Your task:
Your response is a verbatim copy of the listing, stripped of its images.

Information supplied:

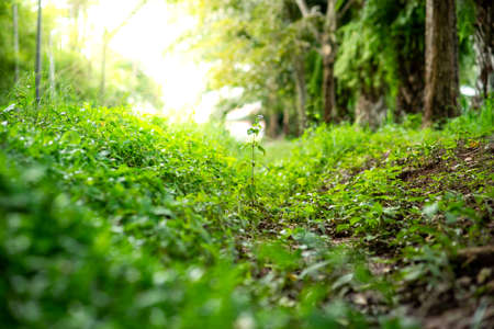 Forest trees. nature green wood sunlight backgrounds. Path in forest.
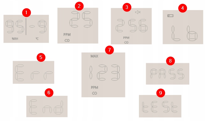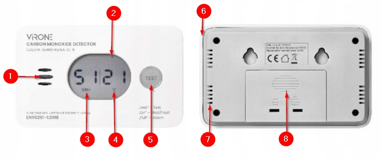 Кнопка дозволяє перевірити правильну роботу датчика. При натисканні він генерує серію коротких звуків і блимає світлодіод. На РК-дисплеї також відображатиметься інформація про останню найвищу зареєстровану концентрацію сигналу CO, що підтверджує ефективність пристрою.
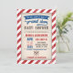 Hospede um chá de fraldas do tema de baseball vintage do grande golpe. Listras reais azuis, vermelhas e brancas, e cores marrons sujas. A parte traseira da placa tem um padrão de bolinhas azul e branco correspondente. Você pode remover isso clicando em "Personalizar" e excluindo o plano de fundo. Altere as cores ou deixe branco ou adicione texto (instruções, detalhes da parte, etc.).

Expected output:
 Forest trees. nature green wood sunlight backgrounds. Path in forest.
 Кнопка дозволяє перевірити правильну роботу датчика. При натисканні він генерує серію коротких звуків і блимає світлодіод. На РК-дисплеї також відображатиметься інформація про останню найвищу зареєстровану концентрацію сигналу CO, що підтверджує ефективність пристрою.
 Hospede um chá de fraldas do tema de baseball vintage do grande golpe. Listras reais azuis, vermelhas e brancas, e cores marrons sujas. A parte traseira da placa tem um padrão de bolinhas azul e branco correspondente. Você pode remover isso clicando em "Personalizar" e excluindo o plano de fundo. Altere as cores ou deixe branco ou adicione texto (instruções, detalhes da parte, etc.).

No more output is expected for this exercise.